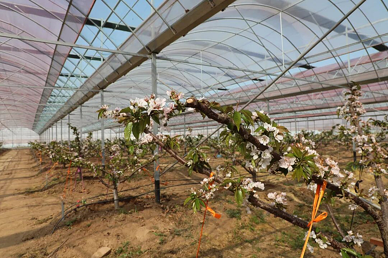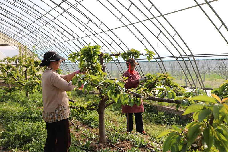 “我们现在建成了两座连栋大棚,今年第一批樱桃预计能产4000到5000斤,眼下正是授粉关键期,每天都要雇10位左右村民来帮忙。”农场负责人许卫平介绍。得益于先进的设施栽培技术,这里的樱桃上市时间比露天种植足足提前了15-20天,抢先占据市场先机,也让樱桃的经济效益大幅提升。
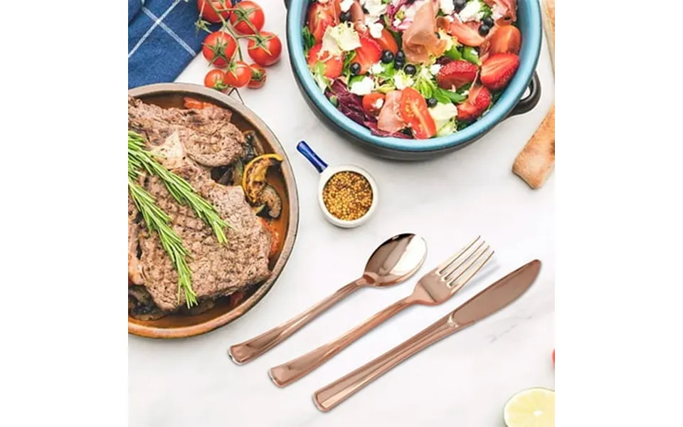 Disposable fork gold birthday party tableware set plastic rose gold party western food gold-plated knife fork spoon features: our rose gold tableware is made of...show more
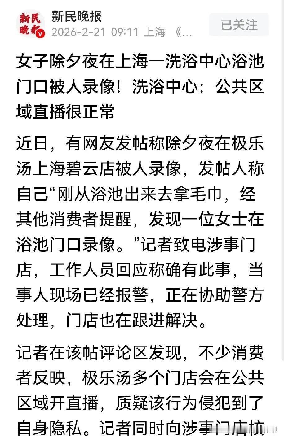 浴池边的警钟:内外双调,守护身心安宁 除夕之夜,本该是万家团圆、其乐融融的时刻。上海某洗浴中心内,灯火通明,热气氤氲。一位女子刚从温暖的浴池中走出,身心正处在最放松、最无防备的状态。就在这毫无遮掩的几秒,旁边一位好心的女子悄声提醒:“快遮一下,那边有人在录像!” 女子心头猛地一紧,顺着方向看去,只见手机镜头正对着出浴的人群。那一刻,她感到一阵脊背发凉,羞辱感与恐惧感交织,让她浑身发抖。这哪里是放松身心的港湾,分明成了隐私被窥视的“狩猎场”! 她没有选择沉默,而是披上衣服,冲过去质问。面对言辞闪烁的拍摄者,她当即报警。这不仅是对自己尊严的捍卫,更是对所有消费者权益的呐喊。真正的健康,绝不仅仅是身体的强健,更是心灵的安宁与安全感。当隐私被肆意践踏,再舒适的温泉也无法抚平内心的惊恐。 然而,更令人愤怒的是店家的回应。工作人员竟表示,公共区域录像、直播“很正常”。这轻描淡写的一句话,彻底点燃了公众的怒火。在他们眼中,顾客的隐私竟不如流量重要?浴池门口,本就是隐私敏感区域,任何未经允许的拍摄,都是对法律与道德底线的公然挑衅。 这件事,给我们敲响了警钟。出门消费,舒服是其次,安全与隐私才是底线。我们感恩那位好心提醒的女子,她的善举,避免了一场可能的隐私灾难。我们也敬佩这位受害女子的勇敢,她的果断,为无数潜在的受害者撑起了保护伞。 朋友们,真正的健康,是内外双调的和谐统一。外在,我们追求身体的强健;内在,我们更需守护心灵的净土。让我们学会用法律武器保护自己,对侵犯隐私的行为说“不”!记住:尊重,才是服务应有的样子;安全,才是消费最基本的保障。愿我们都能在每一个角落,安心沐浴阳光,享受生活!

--------------------

Problem requirements: Leave out the pictures and restate, word for word, the lines from the top of the data through the line containing "Disposable fork gold", both included.

Written response:
 “我们现在建成了两座连栋大棚,今年第一批樱桃预计能产4000到5000斤,眼下正是授粉关键期,每天都要雇10位左右村民来帮忙。”农场负责人许卫平介绍。得益于先进的设施栽培技术,这里的樱桃上市时间比露天种植足足提前了15-20天,抢先占据市场先机,也让樱桃的经济效益大幅提升。
 Disposable fork gold birthday party tableware set plastic rose gold party western food gold-plated knife fork spoon features: our rose gold tableware is made of...show more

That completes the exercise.